YOUR TASK =
All records, exactly as written, minus the pictures: copy them out.

INFORMATION SUPPLIED =
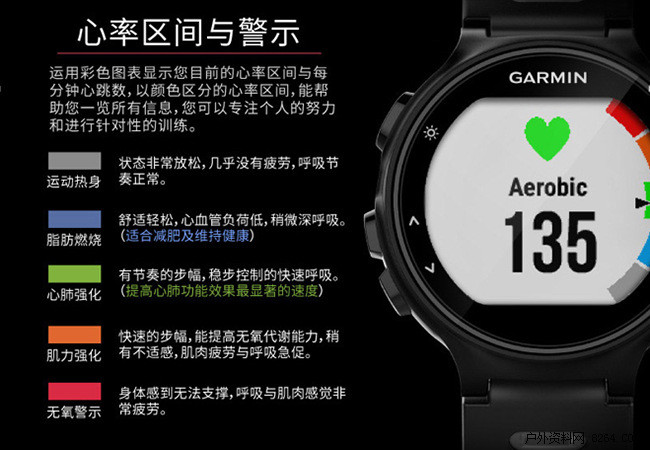 Forerunner735XT一改Garmin此前的铁三腕表矩形的表身设计,采用了经典的圆形表盘,机身更为轻薄,屏幕更为开阔。这款腕表最大的特点在于,它不仅仅可以搭配心率带使用,并且支持先进的光学心率监测技术,可以实时监测心率并显示心率区间,让你更加直观地了解身体当前处于何种状态,对于不喜欢佩戴心率带的铁三运动员来说,Forerunner735XT的出现简直是福音。需要注意的是,在游泳时无法使用光学心率监测心率数据。
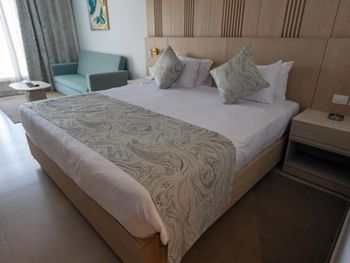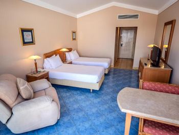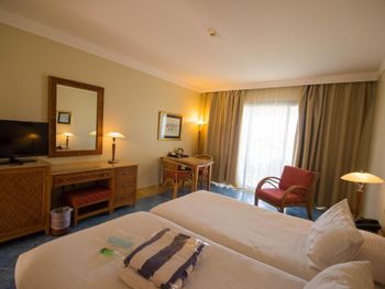 Этот номер был забронирован отдельно для подруги, которую я не смогла подселить к себе в номер, так как на ресепшене попросили доплату за второго человека $70, учитывая, что сам номер стоил $40. Потому оказалось выгоднее забронировать еще один номер. «Посчастливилось» воспользоваться услугой массажа в местном спа салоне. Массажистка была женщина и это был самый худший массаж в моей жизни. Расслабляющий массаж оказался очень болезненным. Рестораны и анимация находятся возле ресепшена, поэтому если вас поселили ближе к пляжу, то придется много подниматься по лестницам до ресторанов. Вход в море каменистый, пляж в лагуне в разы лучше. Вокруг отеля - пустыня, пешком никуда не дойти, только на такси. Продуктовых магазинов на территории нет. При заселении в отель у вас отберут открывашку для вина, которую вы привезли с собой, чтобы отметить свой день рождения. Отдадут только при выезде, если вы не забудете. На вечерней анимации включали только местную арабскую музыку, ни одной европейской песни.
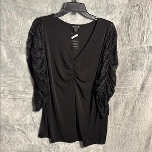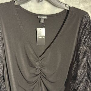 Torrid Blouse NWT Black Ruched Ruffled 3/4 Sleeve Blouse size 1 women’s 14 / 16
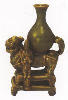 器為二層臺上站立一瑞獸,瑞獸背上駄一寶瓶。瓶撇口,束頸,圓腹。瑞獸旁邊立有一人,手握韁繩。通體施青釉,釉色青翠,釉面光潤柔和。此器造型別致少見,構思巧妙,是金代耀州窰瓷器的佳品。
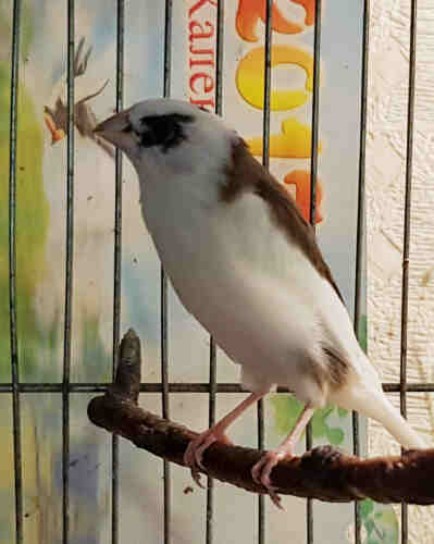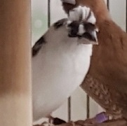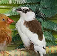Мать Берты - Ромашка Мать Берты (Ромашка) - хохлатая пестрая бело-шоколадная самка. Отец Берты - белый самец. |
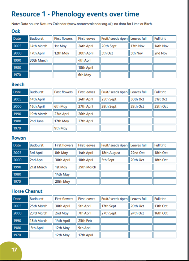 Los árboles son indicadores útiles de un entorno cambiante, cambios que están influenciados por nosotros. Al explorar la Fenología de los árboles durante un período más prolongado, podemos averiguar si el calendario de los eventos está cambiando y por qué podría ser así. Las siguientes actividades te ayudarán a hacer esto.
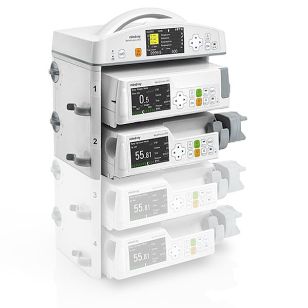 <p>Mindray BeneFusion DS5 – прикроватная станция, объединяющая от 2 до 12 инфузионных и шприцевых насосов. Насосы легко устанавливаются в слоты вручную, без дополнительных инструментов. </p>

WRITTEN RESPONSE =
 Forerunner735XT一改Garmin此前的铁三腕表矩形的表身设计,采用了经典的圆形表盘,机身更为轻薄,屏幕更为开阔。这款腕表最大的特点在于,它不仅仅可以搭配心率带使用,并且支持先进的光学心率监测技术,可以实时监测心率并显示心率区间,让你更加直观地了解身体当前处于何种状态,对于不喜欢佩戴心率带的铁三运动员来说,Forerunner735XT的出现简直是福音。需要注意的是,在游泳时无法使用光学心率监测心率数据。
 Этот номер был забронирован отдельно для подруги, которую я не смогла подселить к себе в номер, так как на ресепшене попросили доплату за второго человека $70, учитывая, что сам номер стоил $40. Потому оказалось выгоднее забронировать еще один номер. «Посчастливилось» воспользоваться услугой массажа в местном спа салоне. Массажистка была женщина и это был самый худший массаж в моей жизни. Расслабляющий массаж оказался очень болезненным. Рестораны и анимация находятся возле ресепшена, поэтому если вас поселили ближе к пляжу, то придется много подниматься по лестницам до ресторанов. Вход в море каменистый, пляж в лагуне в разы лучше. Вокруг отеля - пустыня, пешком никуда не дойти, только на такси. Продуктовых магазинов на территории нет. При заселении в отель у вас отберут открывашку для вина, которую вы привезли с собой, чтобы отметить свой день рождения. Отдадут только при выезде, если вы не забудете. На вечерней анимации включали только местную арабскую музыку, ни одной европейской песни.
 Torrid Blouse NWT Black Ruched Ruffled 3/4 Sleeve Blouse size 1 women’s 14 / 16
 器為二層臺上站立一瑞獸,瑞獸背上駄一寶瓶。瓶撇口,束頸,圓腹。瑞獸旁邊立有一人,手握韁繩。通體施青釉,釉色青翠,釉面光潤柔和。此器造型別致少見,構思巧妙,是金代耀州窰瓷器的佳品。
Мать Берты - Ромашка Мать Берты (Ромашка) - хохлатая пестрая бело-шоколадная самка. Отец Берты - белый самец. |
 Los árboles son indicadores útiles de un entorno cambiante, cambios que están influenciados por nosotros. Al explorar la Fenología de los árboles durante un período más prolongado, podemos averiguar si el calendario de los eventos está cambiando y por qué podría ser así. Las siguientes actividades te ayudarán a hacer esto.
 <p>Mindray BeneFusion DS5 – прикроватная станция, объединяющая от 2 до 12 инфузионных и шприцевых насосов. Насосы легко устанавливаются в слоты вручную, без дополнительных инструментов. </p>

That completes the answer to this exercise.